#### [Input data]
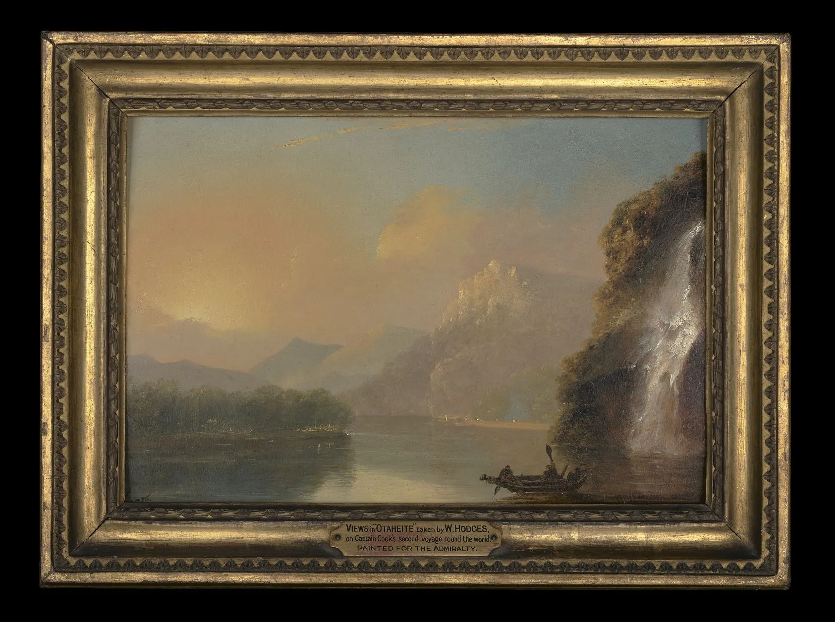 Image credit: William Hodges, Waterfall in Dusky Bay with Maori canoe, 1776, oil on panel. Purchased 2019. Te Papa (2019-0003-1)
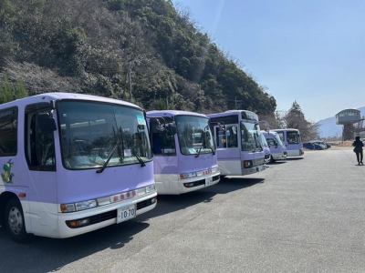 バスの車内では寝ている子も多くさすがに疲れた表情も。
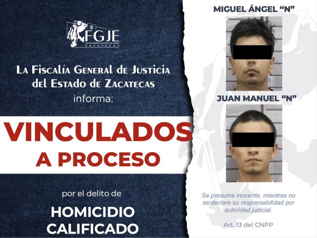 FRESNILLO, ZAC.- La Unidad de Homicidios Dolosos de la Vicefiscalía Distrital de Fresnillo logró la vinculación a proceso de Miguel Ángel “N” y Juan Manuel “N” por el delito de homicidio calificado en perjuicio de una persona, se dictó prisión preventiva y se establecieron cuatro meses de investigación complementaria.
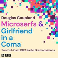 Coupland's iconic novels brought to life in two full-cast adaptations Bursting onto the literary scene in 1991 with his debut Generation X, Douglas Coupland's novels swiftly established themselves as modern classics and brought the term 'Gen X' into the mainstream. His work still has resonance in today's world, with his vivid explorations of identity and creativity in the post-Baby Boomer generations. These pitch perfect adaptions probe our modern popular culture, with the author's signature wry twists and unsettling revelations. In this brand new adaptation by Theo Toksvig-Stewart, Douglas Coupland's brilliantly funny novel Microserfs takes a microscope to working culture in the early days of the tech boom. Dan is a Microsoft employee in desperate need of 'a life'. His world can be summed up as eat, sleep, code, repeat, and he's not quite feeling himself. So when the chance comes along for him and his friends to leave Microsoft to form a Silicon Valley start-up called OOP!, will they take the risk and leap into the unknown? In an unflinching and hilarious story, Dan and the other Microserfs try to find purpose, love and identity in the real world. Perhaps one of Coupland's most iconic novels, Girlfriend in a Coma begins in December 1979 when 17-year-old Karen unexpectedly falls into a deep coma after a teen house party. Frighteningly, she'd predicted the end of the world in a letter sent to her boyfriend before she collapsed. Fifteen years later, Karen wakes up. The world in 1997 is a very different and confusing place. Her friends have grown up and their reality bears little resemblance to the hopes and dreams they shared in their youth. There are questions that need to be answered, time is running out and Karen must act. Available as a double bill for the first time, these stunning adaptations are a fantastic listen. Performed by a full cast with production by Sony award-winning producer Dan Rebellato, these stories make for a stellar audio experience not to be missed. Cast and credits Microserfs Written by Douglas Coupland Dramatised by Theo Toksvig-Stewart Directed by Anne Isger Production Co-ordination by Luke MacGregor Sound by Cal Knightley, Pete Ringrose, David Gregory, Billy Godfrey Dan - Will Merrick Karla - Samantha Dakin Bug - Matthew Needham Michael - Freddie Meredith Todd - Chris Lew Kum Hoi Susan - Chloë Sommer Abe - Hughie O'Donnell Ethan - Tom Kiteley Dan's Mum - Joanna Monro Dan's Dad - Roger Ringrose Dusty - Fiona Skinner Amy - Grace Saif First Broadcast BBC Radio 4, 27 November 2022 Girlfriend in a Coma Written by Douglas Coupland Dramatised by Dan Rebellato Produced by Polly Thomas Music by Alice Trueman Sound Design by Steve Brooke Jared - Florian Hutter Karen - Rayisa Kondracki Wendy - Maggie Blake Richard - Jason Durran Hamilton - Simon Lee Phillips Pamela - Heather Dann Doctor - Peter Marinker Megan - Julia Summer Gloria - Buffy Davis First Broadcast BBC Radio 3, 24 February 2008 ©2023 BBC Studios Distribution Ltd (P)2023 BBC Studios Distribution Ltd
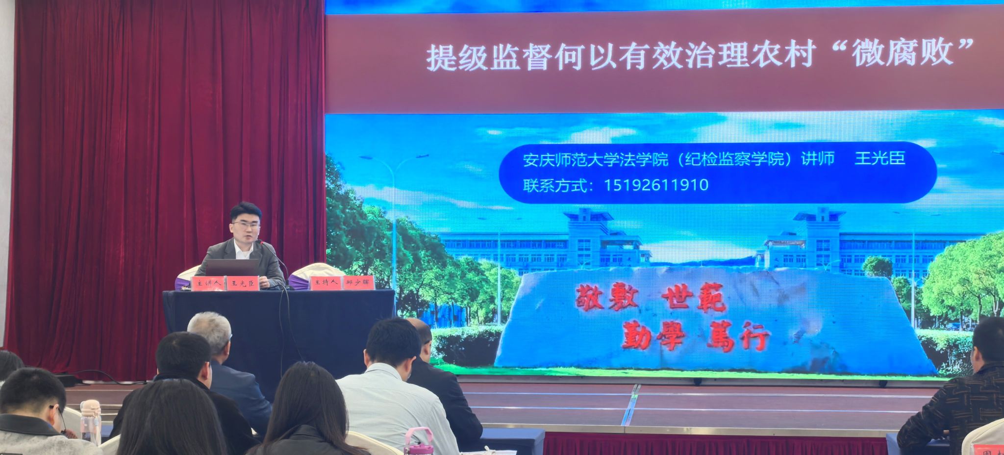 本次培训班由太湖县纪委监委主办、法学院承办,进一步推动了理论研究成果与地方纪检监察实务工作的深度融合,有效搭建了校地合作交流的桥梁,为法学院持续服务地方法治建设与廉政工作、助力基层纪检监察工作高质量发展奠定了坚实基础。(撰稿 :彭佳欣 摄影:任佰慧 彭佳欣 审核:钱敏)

#### [What this task involves]
Any pictures are to be skipped, and the lines from the beginning of the entries through the line with "FRESNILLO, ZAC.- La" copied exactly.

#### [Response]
 Image credit: William Hodges, Waterfall in Dusky Bay with Maori canoe, 1776, oil on panel. Purchased 2019. Te Papa (2019-0003-1)
 バスの車内では寝ている子も多くさすがに疲れた表情も。
 FRESNILLO, ZAC.- La Unidad de Homicidios Dolosos de la Vicefiscalía Distrital de Fresnillo logró la vinculación a proceso de Miguel Ángel “N” y Juan Manuel “N” por el delito de homicidio calificado en perjuicio de una persona, se dictó prisión preventiva y se establecieron cuatro meses de investigación complementaria.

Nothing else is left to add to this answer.